# My first attempt at really shooting her..



## YoQuiero (Apr 17, 2010)

I had some perfect sunlight coming through the slider by her pen earlier so I knew it was time to take some portraits!  She kept closing her eyes on me though so every 3 frames she looks like she's sleeping, little booger. (Excuse her eye mess, I wasn't paying attention and starting shooting before I wiped it up.)




















My favorite


----------



## Bella Luna (Jan 15, 2010)

She is gorgeous! I love her eyes!!!


----------



## TLI (Sep 3, 2008)

Gorgeous! Her eyes are amazing!!!


----------



## Quinn (Dec 11, 2008)

Very cute! Her blue eye is just WOW


----------



## YoQuiero (Apr 17, 2010)

Her blue eye is pretty starling sometimes!
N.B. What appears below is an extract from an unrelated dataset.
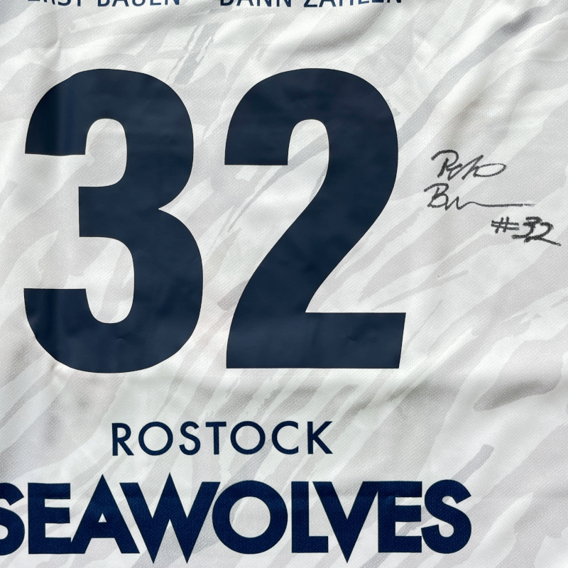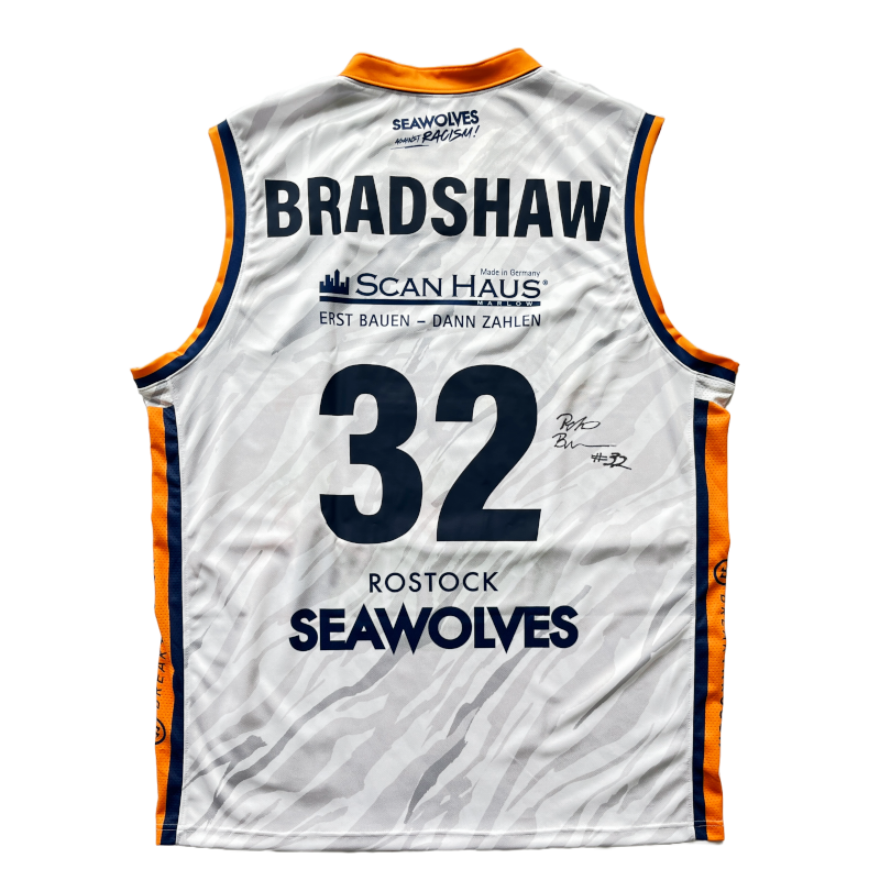Nutzt diese tolle Gelegenheit und sichert euch ein außergewöhnliches Sammlerstück. Pedro Bradshaw hat sein getragenes BBL PRO-Style Auswärtstrikot 2024/2025 für euch signiert. Das Trikot hat die Größe "XL", kann aber auch als Größe "2XL" getragen werden.

My friend said when she saw her pictures before meeting her it kinda scared her lol.


----------



## TripleAChihuahuas (Apr 8, 2010)

Beautiful pics and she is so unique


----------



## amyscrazy (Jun 9, 2009)

She is beautiful and I love the different colored eyes!


----------



## foggy (Oct 12, 2009)

Oh wow, lovely photos. She is absolutely beautiful.


----------



## MChis (Oct 13, 2009)

Oh my - she is beautiful!!! I adore her coloring & markings. Great captures as well! You definitely had some great lighting going on...


----------



## svdreamer (Feb 20, 2010)

Absolutely stunning. A real head turner.


----------



## pigeonsheep (Nov 8, 2008)

yay sugar!!! lovely shots. lol the title made me think twice though hehe!


----------



## rache (Nov 10, 2009)

shes such a pretty girl, I can tell she is going to be a favourite on here!


----------



## OurCheekyChihuahuas (Nov 18, 2009)

Wow shes a very pretty merle  Gorgeousphotos!


----------



## JRZL (Jul 10, 2009)

shes gorgeous!! i love her blue eye!


----------



## Terri (Aug 21, 2009)

Beautiful girl and pics!!
I bet you are over the moon with her. xxx


----------



## QUIGLEY'S MOM (Jan 12, 2010)

She's lovely!


----------



## sandymaynard (Mar 14, 2010)

She is so beautiful,Love the eyes,


----------



## *Princess* (Feb 7, 2009)

so beautiful xx


----------



## YoQuiero (Apr 17, 2010)

Awww you guys, she's blushing!  She is definitely a lover. She whined all morning for me to take her out and she snuggled with me on the couch for a tiny nap. My babies sleep way longer than this girl, my God I'm not loving 7am mornings! Haha. I'd love if we get some more nice photo-taking weather today.


----------



## KittyD (Apr 2, 2010)

She is a super cutie, so do you leave her in the puppy pen most of the time then? or is she allowed free access to the house?


----------



## YoQuiero (Apr 17, 2010)

No she's out and about all the time. If I'm doing something where I can't watch her constantly I put her in. She's snuggling on the couch with me right now


----------



## unchienne (Mar 29, 2009)

Her eyes are stunning, but her nose is just adorable. I love her short little muzzle...just want to reach out and tweek it.


----------



## YoQuiero (Apr 17, 2010)

Hehehe, she does have a quite cute little nose. I've thought that myself.


----------



## MndaNGmoe (Oct 20, 2009)

Wow she is stunning!! i love her eyes too


----------



## rebel_yell (Mar 24, 2008)

Those are very lovely shots, she really is a beauty


----------



## Mandy (Jan 16, 2009)

i absolutly love her shes stunning my romeos mummy had one blue eye too here she is the are similar except romeos mum is a sliver merle








hope you dont mind me posting her pic on your thread


----------



## KayC (May 3, 2005)

Lovely photos....and of course a very lovely chi


----------



## YoQuiero (Apr 17, 2010)

She says thanks everyone!  <3

OMG Romeo's mom looks JUST like Sugar! That's crazy. She sure is gorgeous!


----------



## Bellatrix (Apr 23, 2010)

She looks like a real sweetheart. I've always loved dogs with different coloured eyes too


----------



## HorseCrazy3621 (Apr 28, 2010)

I agree, Beautiful! She's one of a kind!  Very pretty girl!


----------